AIDS and cervical cancer pioneers scoop Nobel prize

by | 9th Oct 2008 | News

Leading industry and academic figures have hailed this year's Nobel Prize for medicine, which is shared for pivotal advances in AIDS/HIV and cervical cancer.

Leading industry and academic figures have hailed this year’s Nobel Prize for medicine, which is shared for pivotal advances in AIDS/HIV and cervical cancer.

Luc Montagnier of the Pasteur Institute in Paris and his colleague Françoise Barré-Sinoussi, were recognised for discovering the AIDS virus. Prof Montagnier’s team isolated the virus they labelled lymphadenopathy associated virus (LAV), subsequently called HIV-1, in 1983. They found it in white blood cells taken from a patient suffering from a mysterious immune disorder now known as AIDS.

The Nobel committee said: “Never before have science and medicine been so quick to discover, identify the origin and provide treatment for a new disease entity.” As a result of the work, drug companies were able to develop anti-retroviral therapy that resulted “in life expectancies for persons with HIV infection now reaching levels similar to those of uninfected people”, it said.

Noticeably, the Nobel Foundation failed to mention the US virologist Robert Gallo who controversially claimed to have been the co-discover of HIV. The American isolated the virus from the same tissue sample used by the French team.
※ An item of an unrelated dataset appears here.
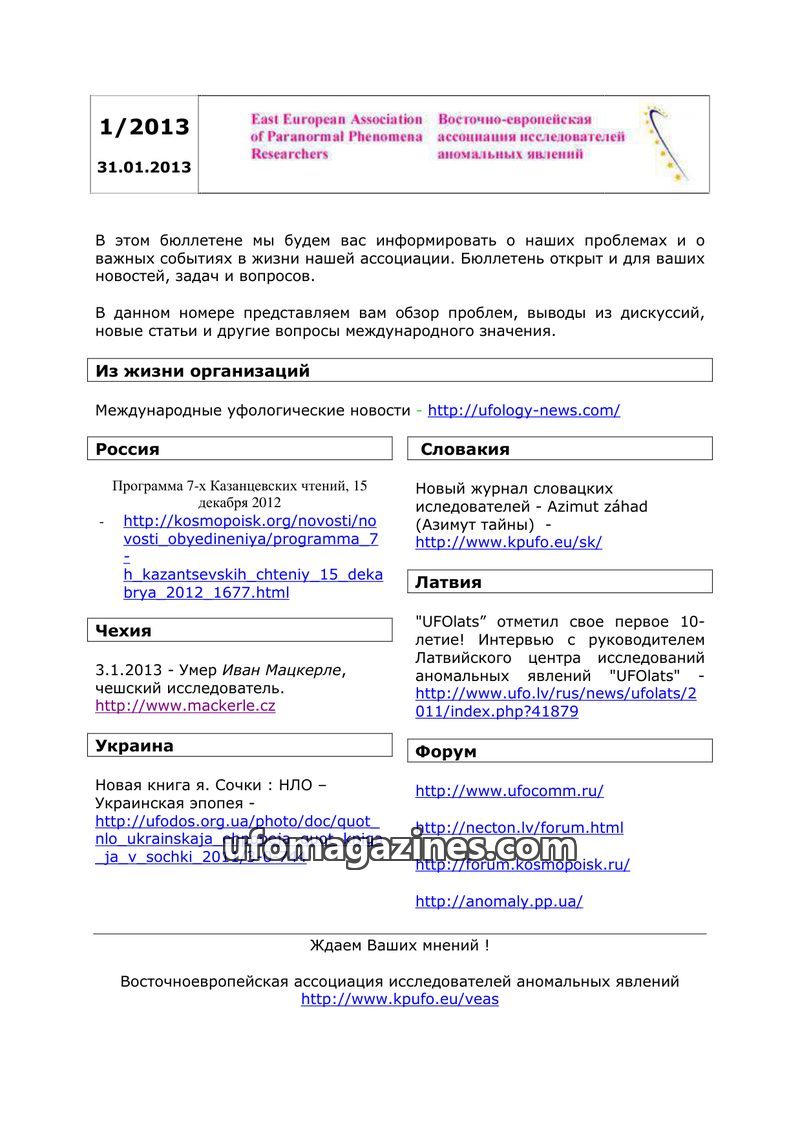 This issue of the newsletter from the East European Association of Paranormal Phenomena Researchers, dated January 31, 2013, aims to inform readers about the association's activiti

His laboratory regularly swapped tissue samples during the 1980s But how the “contamination” occurred that allowed him to get hold of infected tissue and isolate the virus has never been fully explained.

Prof Gallo of University of Maryland School of Medicine, issued a statement congratulating the winners and thanking Prof Montagnier for his “kind statement…expressing that I was equally deserving”.

The other scientist to share this year’s prize for physiology or medicine, Harald zur Hausen, of the University of Dusseldorf, was praised by the Nobel committee for going “against current dogma” to show that HPV infection caused cervical cancer. The committee said Professor zur Hausen’s was instrumental in the development of vaccines against HPV, which are now routinely given to millions of teenage girls in many countries to prevent cervical cancer.

Dr Nicholas Kitchin, the UK medical director of Sanofi Pasteur MSD, which makes Gardasil, one of the currently available HPV vaccines, said: “Prof zur Hausen’s discoveries have allowed others to innovate, specifically in the development of HPV vaccines. HPV vaccination is increasingly recognised as an important public health tool in tandem with cervical screening, used to prevent cervical cancer across Europe and the rest of the world.”

Crispin Slee, head of communications for the Association of the British Pharmaceutical Industry told PharmaTimes: “These tremendously important advances have laid the foundation for all the important progress we’ve seen both areas of medicine; both with live-saving drugs for those infected with HIV and for the vaccines that will hopefully protect millions of women from cervical cancer.”

Dr Adriano Boasso of Imperial College London and the Wellcome Trust, noted however, that in terms of vaccines, HIV research had a lot of catching up to do. “Two seminal discoveries for both the fields of virology and immunology, yet medical research on these two viruses appears to have followed two different fates. The availability of a vaccine against HPV is now a reality thanks to the original discovery of the virus by Harald zur Hausen.

“HIV vaccine research has instead recently suffered the failure of promising clinical trials, but there is no doubt that the discovery of HIV by Françoise Barré-Sinoussi and Luc Montagnier will be the pillar on which an efficient vaccine will eventually be built,” he said.